Eine recht neue Attraktion in Hamburg sind solche Flitzer...



wo man in kleinen Gruppen zu mehreren Fahrzeugen eine orginelle, sicherlich ganz neue Sichtweisen verschaffende Stadtrundfahrt machen kann. Abfahrt ist hier übrigens am Parkplatz Strand Pauli, also da, wo mein Wohnmobil stand.

Und dahin, zu meinem Wohnmobil, gehe auch ich jetzt so langsam. Es ist Punkt 12:00 Uhr, als ich vom Stellplatz in der Hafenstraße in Hamburg aufbreche und mich auf den Heimweg mache. Vorbei an der Speicherstadt und über die Elbbrücken verlasse ich die Stadt. Ziemlich unspektakulär verläuft dann die Rückfahrt über die Autobahn A 7 bis nach Hannover...



und dann erreichte ich, die letzten Kilometer über Landstraßen fahrend, so gegen 16:00 Uhr das heimatliche Leinetal, ich war gesund und munter wieder zuhause.


So, nun kennt Ihr die ganze Geschichte! :)
Eine schöne Tour durch Norddeutschland geht zuende. An den bisherigen Rückmeldungen entnehme ich, das wieder viele Forumskollegen mit mir unterwegs waren. Ich hoffe, es hat Euch Allen gefallen.
Wenn noch die ein oder andere Frage auftauchen sollte, werde ich versuchen, diese zu beantworten.
Ansonsten wünsche ich Allen viel Spaß beim Lesen und Bildergucken.

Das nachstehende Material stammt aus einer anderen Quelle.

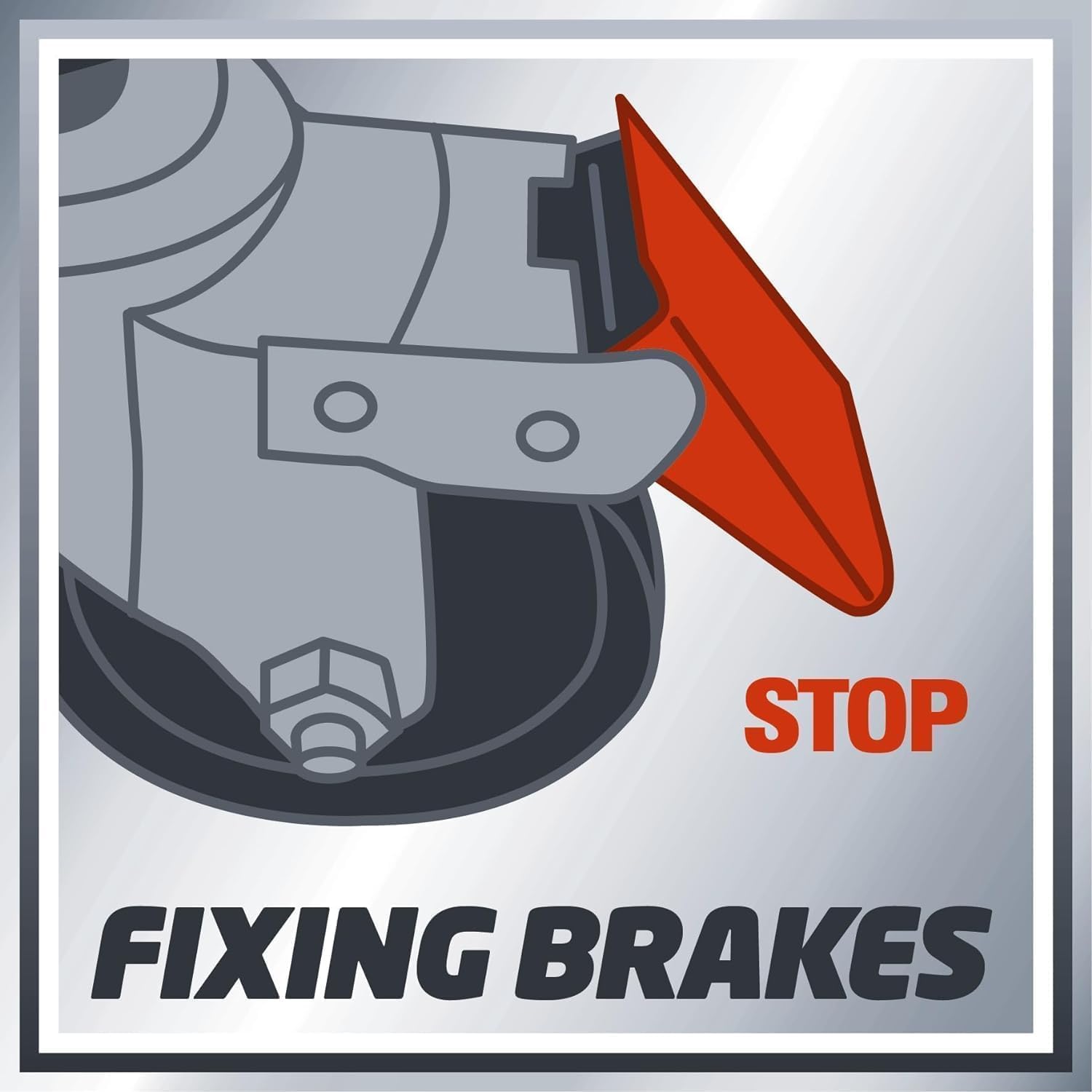 - Genau dort, wo er gebraucht wird: mit vier drehbaren Rollen, zwei Feststellbremsen und einem Schiebegriff.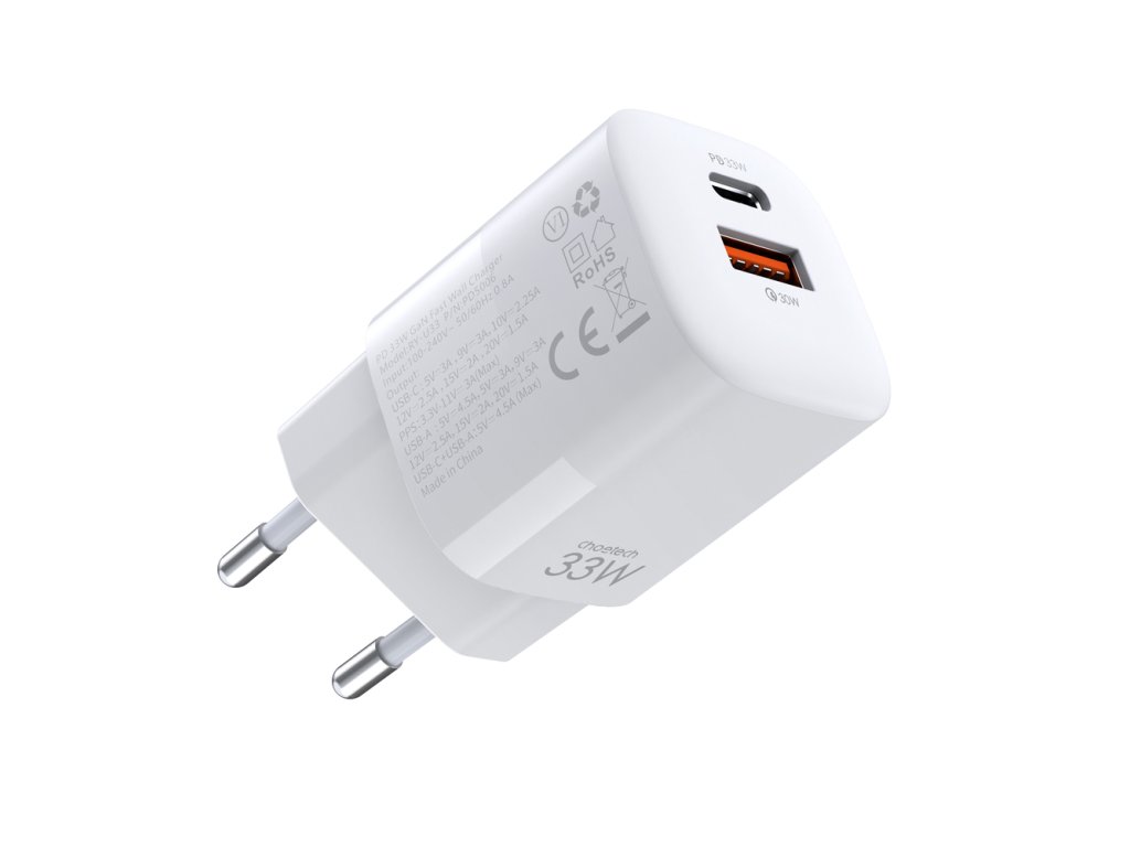 Tato praktická nástěnná nabíječka vám umožní nabíjet dvě zařízení najednou. Její maximální výkon je 33 W, takže přenos energie je opravdu rychlý. Můžete ji používat v mnoha zemích, protože má široký rozsah vstupního napětí - od 100 do 240 V. Její kompaktní tvar z ní dělá ideálního společníka na jakékoliv cesty. Nabíječka je kompatibilní s většinou chytrých telefonů a tabletů díky podpoře standardů PD a QC.

leoline am 18 Jun 2016 22:00:50

Nochmals herzlichen Dank für diesen tollen Bericht! Lustig, informativ, mit vielen tollen Bildern - das ist ein Reisebericht der Spitzenklasse!
Macht nebenbei noch Lust darauf, Hamburg mal wieder zu besuchen ... wobei da bei mir auch immer etwas Wehmut dabei ist, meine gute Freundin lebte in Hamburg, wir haben sie gern besucht und Hamburg erkundet, sie ist vor zwei Jahren im Alter von nur 59 Jahren verstorben. Lange Zeit konnte ich deshalb nicht dorthin, die Erinnerungen waren noch zu frisch. Aber inzwischen würde ich schon gern mal wieder dorthin fahren.
Aber nun freue ich mich schon auf deine nächste Reise! Wann und wohin wird sie gehen?

schnecke0815 am 18 Jun 2016 22:04:10

Danke, schöner Bericht.
Macht Freude den zu lesen.

frankjasper8 am 18 Jun 2016 22:10:38

Maja, ich danke Dir nochmals für Deine anerkennende Rückmeldung.

leoline hat geschrieben:Nochmals herzlichen Dank für diesen tollen Bericht! Lustig, informativ, mit vielen tollen Bildern - das ist ein Reisebericht der Spitzenklasse!

... nun freue ich mich schon auf deine nächste Reise! Wann und wohin wird sie gehen?


Ja, nach der Reise ist vor der Reise! :ja:
Die nächste Tour startet Ende August, wohin ich fahren werde muß ich erst noch schauen.
Aber am 13. August mache ich vorher noch eine Busfahrt mit unserem Bürgerverein. Wohin? Na, nach Hamburg, ins Miniatur-Wunderland und eine Hafenrundfahrt machen. :D

Anne42 am 19 Jun 2016 06:56:08

Ganz herzlichen Dank für diesen wunderbaren Bericht. In Hamburg hast du ja wirklich toll gestanden und die Bilder der Schiffe, einfach großartig!!!!